What: Open Discussion
When: Thursday, November 12 at Noon
Where: UW, Paul Allen Center, Room 403

Global Development at UW’s Evans School

November 13th, 2009 by Yaw Anokwa

While Change has historically been based in the Department of Computer Science and Engineering, it is a campus wide organization that cares about more than just the technical parts of global development. To help expose more of what the University of Washington has to offer in global development, I wanted to start a series of posts which feature some (but not all) of the relevant degrees, programs and faculty at UW.

First up is the Evans School of Public Affairs. The Evans School is the pre-eminent graduate school of public policy and management in the Northwest, and ranks nationally in the top tier of graduate schools in its field. The school emphasizes policy analysis and management through their Master of Public Administration and Public Policy and Management Ph.D. programs.

The Evans School also offers a one-year International Development Policy and Management Certificate Program (IDCP) gives students the tools and frameworks needed for addressing pressing international issues in developing countries. IDCP students are drawn from diverse departments from across the university, giving the core classes a unique, interdisciplinary perspective on development.

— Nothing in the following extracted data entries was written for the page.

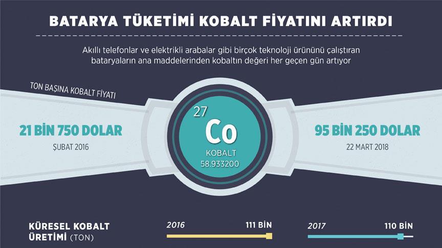 Elektrikli arabalar ve akıllı telefonlar başta olmak üzere birçok teknoloji ürününün bataryalarında kullanılan kobaltın fiyatı artıyor. Şubat 2016'da 21 bin 750 dolar olan madenin ton başına fiyatı, 22 Mart itibarıyla 95 bin 250 dolara ulaştı.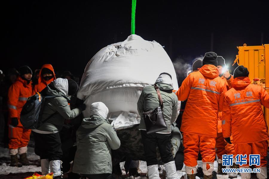 12月17日,工作人员在搬运嫦娥五号返回器。12月17日凌晨,嫦娥五号返回器携带月球样品,采用半弹道跳跃方式再入返回,在内蒙古四子王旗预定区域安全着陆。新华社记者 彭源 摄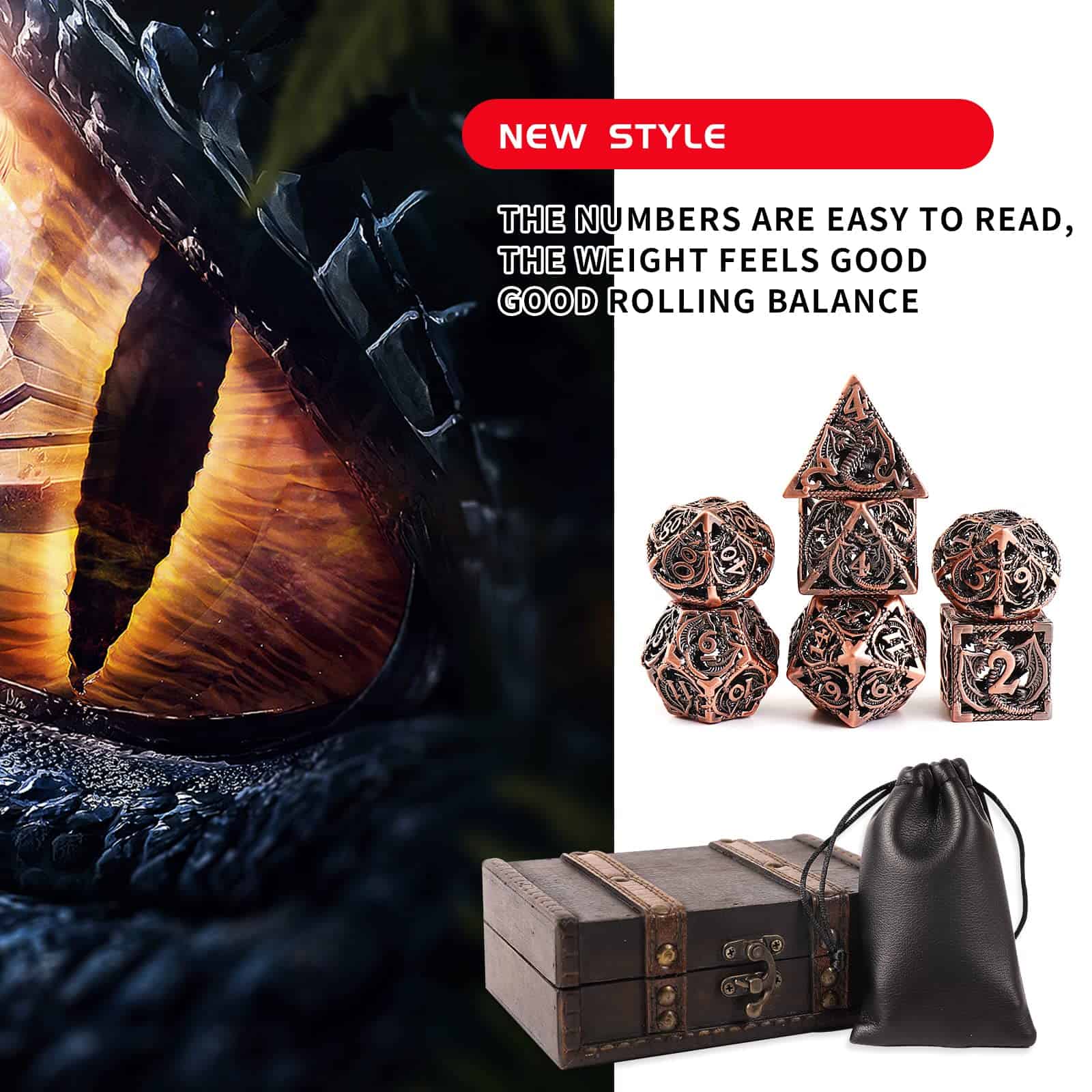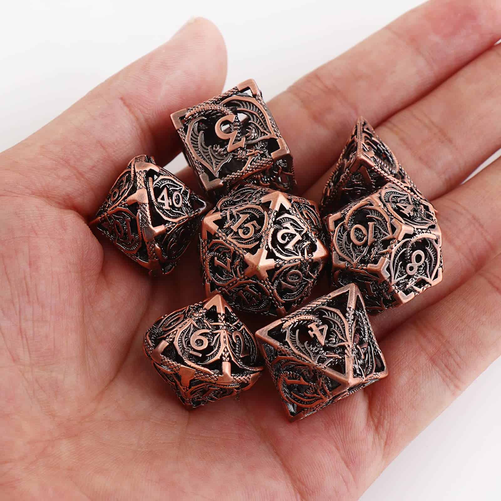 Conjunto de 7 dados huecos de metal para Dungeons and
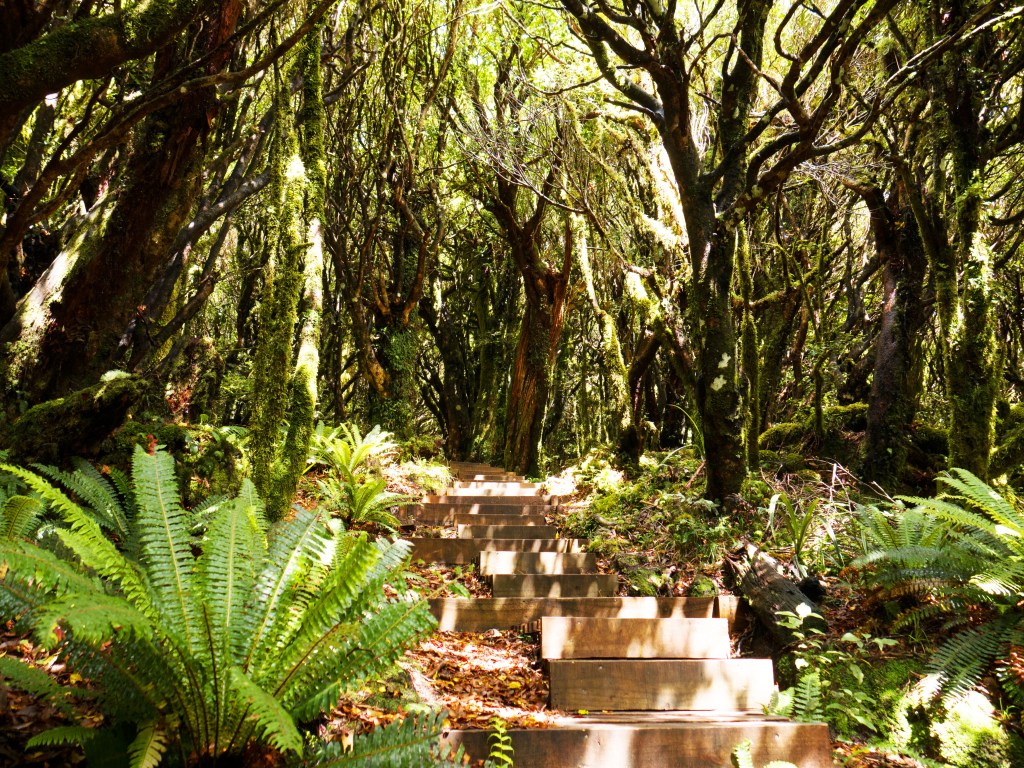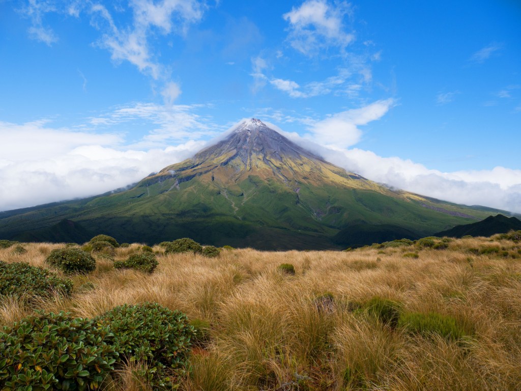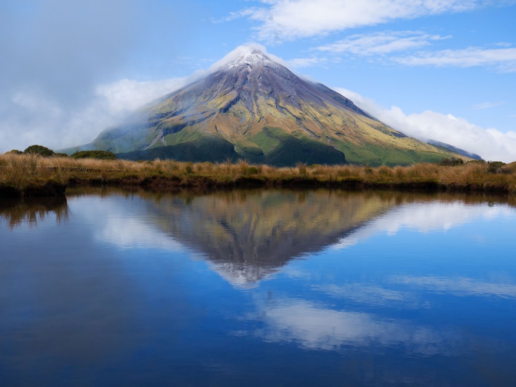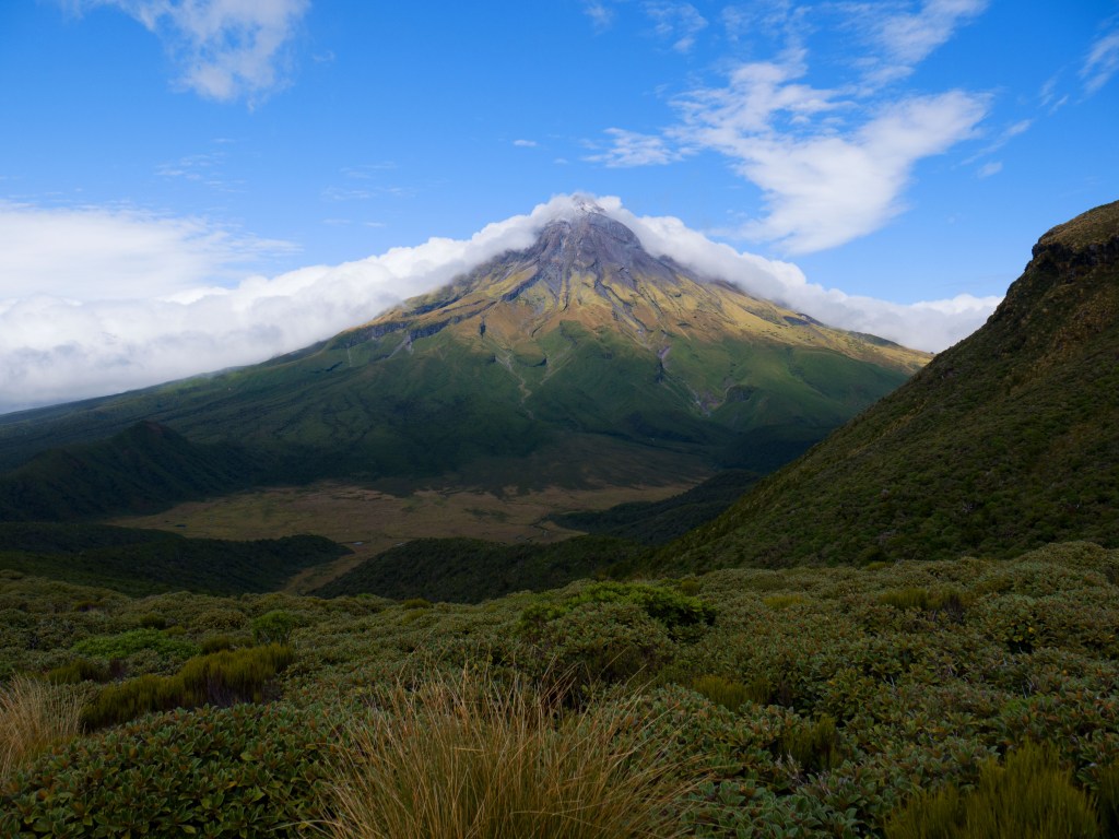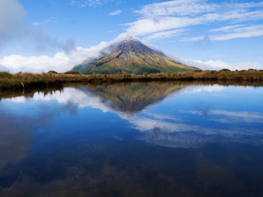 Après notre petit interlude, nous arrivons à Stratford où nous passerons deux nuits. Le lendemain matin nous entamons une marche de 13 km allez-retour afin de nous rendre jusqu’à un lac situé dans le parc national Egmont. Enfin soyons honnête un étang plutôt. Nous espérons y voir le reflet du volcan Taranaki. Bien entendu il ne s’agit pas du meilleur jour pour prendre ce genre de photo car il y a passablement de vent ainsi que des nuages qui cachent le volcan par intermittence.

Some of the faculty from the Evans School interested in development are listed below. If we missed someone or something, feel free to add the information in the comments. Hopefully, we’ll have some from this list presenting their work at Change!

Alison Cullen
Environmental Risk Analysis, Environmental Science and Policy, Quantitative Uncertainty Analysis, Statistical Decision Theory

Andrew Gordon
Microcomputers, Ethnographic Data Analysis, Information Systems and International Information Exchange, Community Organizations

Charles Hirschman
Demography and Ecology, Immigration and Ethnicity, Fertility and Family, Social Stratification and Mobility, Southeast Asia

David Harrison
Nonprofit Organizations, Regional Economic Development, Growth Management

Diana Fletchner
Development Economics, Economics of Gender, Intrahousehold Decision-Making, Behavioral Economics, Group Effects, Rural Credit Markets, Microfinance

Joseph H. Cook
Environmental Economics, Health Economics, Water and Sanitation Policy in Developing Countries, Benefit-Cost Analysis

Leigh Anderson
International Development; Trade and Environmental Policy

Mary Kay Gugerty
International development; nonprofit and public management; program analysis and evaluation

Michael Blake
Social and Political Philosophy, International Ethics, Philosophy of Economics, Morality and Public Policy

Richard Zerbe
Law and Economics, Benefit-Cost Analysis, Antitrust, Environmental Economics, Economic History

Sanjeev Khagram
Transnational Studies, Global Governance, Civil Society, Corporate Citizenship, Human Security, and Sustainable Development

Sara Curran
Social Demography, Environment, Development and Globalization, Gender

Steven Rathgeb Smith
Nonprofit and Public Management, Community Development, and the Changing Roles of Nonprofit Organizations and Government in Civil Society

Brent Roraback on OneApp

November 10th, 2009 by Yaw Anokwa

This Thursday at Change, Brent Roraback will be presenting on his work on Microsoft’s OneApp.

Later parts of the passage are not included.